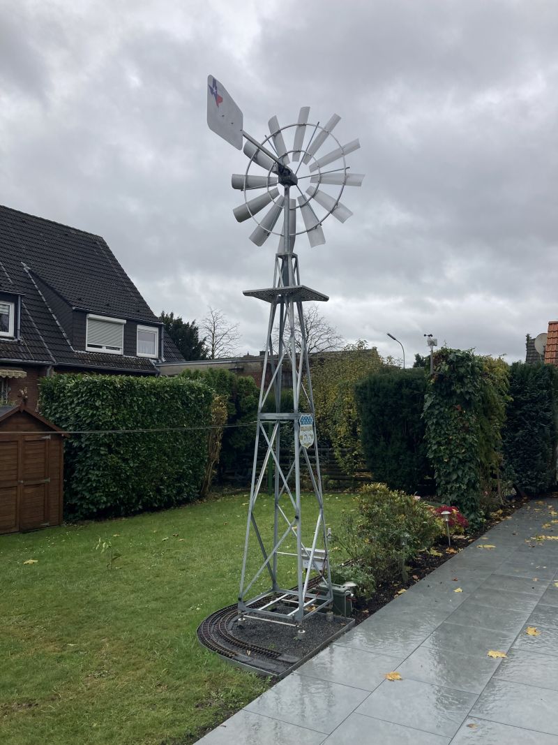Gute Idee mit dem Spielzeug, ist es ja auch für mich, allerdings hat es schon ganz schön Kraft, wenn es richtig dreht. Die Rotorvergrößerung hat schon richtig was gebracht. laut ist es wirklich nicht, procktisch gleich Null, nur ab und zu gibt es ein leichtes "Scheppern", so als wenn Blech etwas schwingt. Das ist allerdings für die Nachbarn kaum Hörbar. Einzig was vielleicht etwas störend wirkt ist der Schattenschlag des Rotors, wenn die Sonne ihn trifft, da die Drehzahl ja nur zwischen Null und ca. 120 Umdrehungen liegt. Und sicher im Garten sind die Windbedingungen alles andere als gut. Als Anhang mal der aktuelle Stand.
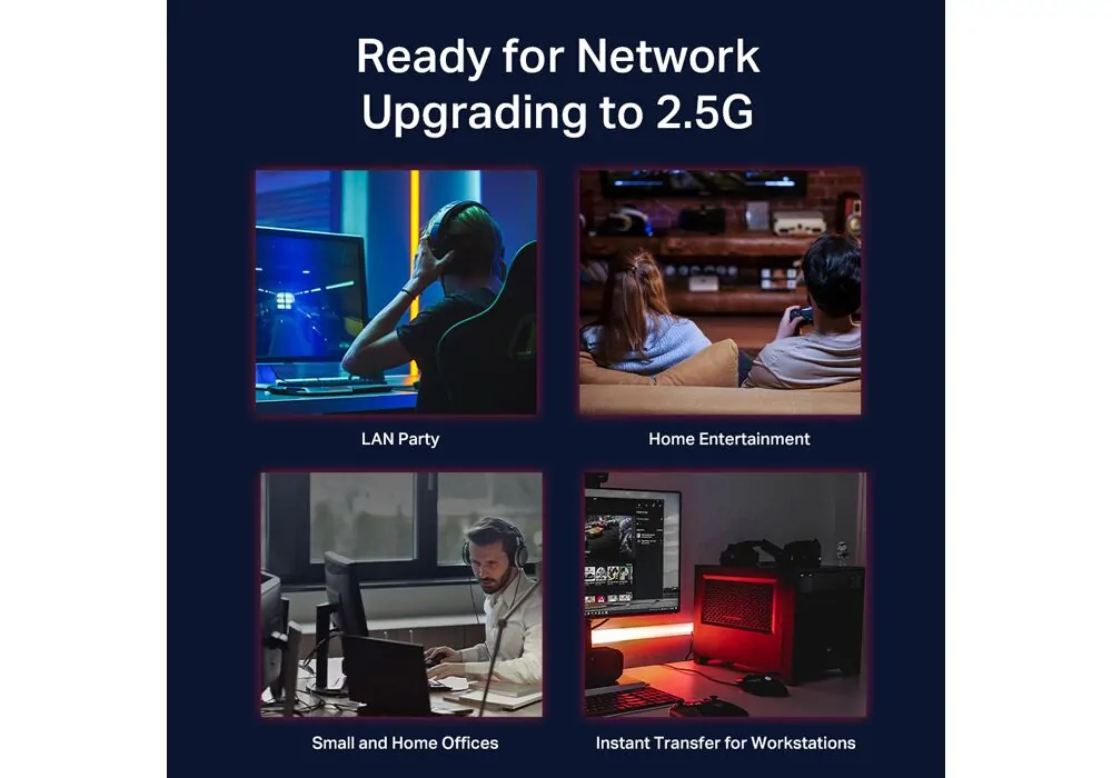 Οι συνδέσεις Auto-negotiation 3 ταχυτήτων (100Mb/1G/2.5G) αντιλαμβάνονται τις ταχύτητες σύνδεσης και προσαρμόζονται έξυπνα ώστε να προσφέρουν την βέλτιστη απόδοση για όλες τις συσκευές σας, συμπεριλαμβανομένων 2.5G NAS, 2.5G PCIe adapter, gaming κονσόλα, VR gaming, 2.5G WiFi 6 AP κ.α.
=-=-=-=-=
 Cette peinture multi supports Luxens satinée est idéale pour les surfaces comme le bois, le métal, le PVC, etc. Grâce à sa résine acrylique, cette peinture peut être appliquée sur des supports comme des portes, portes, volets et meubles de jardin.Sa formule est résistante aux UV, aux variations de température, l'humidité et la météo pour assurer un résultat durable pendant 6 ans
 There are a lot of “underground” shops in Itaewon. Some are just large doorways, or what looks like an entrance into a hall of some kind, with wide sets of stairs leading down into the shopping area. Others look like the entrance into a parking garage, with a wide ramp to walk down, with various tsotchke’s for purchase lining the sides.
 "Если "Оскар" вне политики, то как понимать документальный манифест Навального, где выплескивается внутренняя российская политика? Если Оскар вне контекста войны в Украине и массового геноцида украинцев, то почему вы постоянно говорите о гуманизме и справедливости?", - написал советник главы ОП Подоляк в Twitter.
=-=-=-=-=
**EXERCISE REQUIREMENTS:** Copy only the lines above from the one containing "Gute Idee mit" through the one containing "Οι συνδέσεις Auto-negotiation", both included. Leave out the pictures.

**SOLUTION TO THE PROBLEM:**
Gute Idee mit dem Spielzeug, ist es ja auch für mich, allerdings hat es schon ganz schön Kraft, wenn es richtig dreht. Die Rotorvergrößerung hat schon richtig was gebracht. laut ist es wirklich nicht, procktisch gleich Null, nur ab und zu gibt es ein leichtes "Scheppern", so als wenn Blech etwas schwingt. Das ist allerdings für die Nachbarn kaum Hörbar. Einzig was vielleicht etwas störend wirkt ist der Schattenschlag des Rotors, wenn die Sonne ihn trifft, da die Drehzahl ja nur zwischen Null und ca. 120 Umdrehungen liegt. Und sicher im Garten sind die Windbedingungen alles andere als gut. Als Anhang mal der aktuelle Stand.
 Οι συνδέσεις Auto-negotiation 3 ταχυτήτων (100Mb/1G/2.5G) αντιλαμβάνονται τις ταχύτητες σύνδεσης και προσαρμόζονται έξυπνα ώστε να προσφέρουν την βέλτιστη απόδοση για όλες τις συσκευές σας, συμπεριλαμβανομένων 2.5G NAS, 2.5G PCIe adapter, gaming κονσόλα, VR gaming, 2.5G WiFi 6 AP κ.α.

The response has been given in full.